Sannomiya (三宮) is a district of Chūō-ku, Kobe-shi, Hyōgo Prefecture, Japan. Sannomiya serves as the financial, commercial, and the entertainment center of Kobe. The district takes the name from Sannomiya Shrine, a branch of Ikuta Shrine.

Before the 1920s, Sannomiya was just a small suburb of the city. The major suburbs were Motomachi and Shinkaichi which are west of Sannomiya. In 1933, the Sogo Department Store moved from Motomachi to premises in front of Sannomiya Station. The area started to develop rapidly.

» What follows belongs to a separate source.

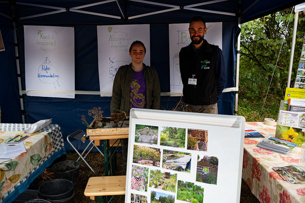 Dass der Stand der Biologischen Station Oberberg genau neben dem des Naturgartenvereins steht, ist kein Zufall, denn beide werden gemeinsam ab Herbst hier einen Naturgarten, zu dem Workshops angeboten werden. „Das passt genau in die Umweltbildung des Freilichtmuseums“, so Florian Schöllnhammer, der gemeinsam mit FÖJlerin Lara Knebel Kindern die Möglichkeit gibt, ihren Naturgarten schon einmal in klein zu bauen.
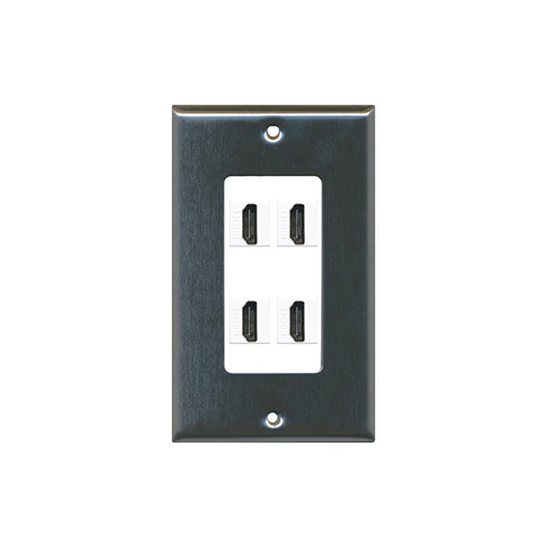 RiteAV - 4 Port HDMI 2.0 Decorative Wall Plate (Stainless Steel & White)

Sannomiya is also the hub for most of the transportation systems in Kobe. JR West, Hankyu Railway, Hanshin Electric Railway, Kobe Municipal Subway and Kobe New Transit use Kobe-Sannomiya Station as their primary station in the area. The Kobe Incident in 1868 occurred in this suburb in front of the Sannomiya Shrine.

== In popular culture ==
The 1988 Studio Ghibli film Grave of the Fireflies uses the station as its opening and closing location. At the end of the film it depicts the arrival of the first Americans in Kobe after the end of World War II.

==See also==
- Daimaru Kobe (diagonally in front of the above-mentioned Sannomiya Shrine)
- Kobe-Sannomiya Station (Hankyu, Hanshin, Kobe Municipal Subway, Kobe New Transit)
- Sannomiya Station (JR West)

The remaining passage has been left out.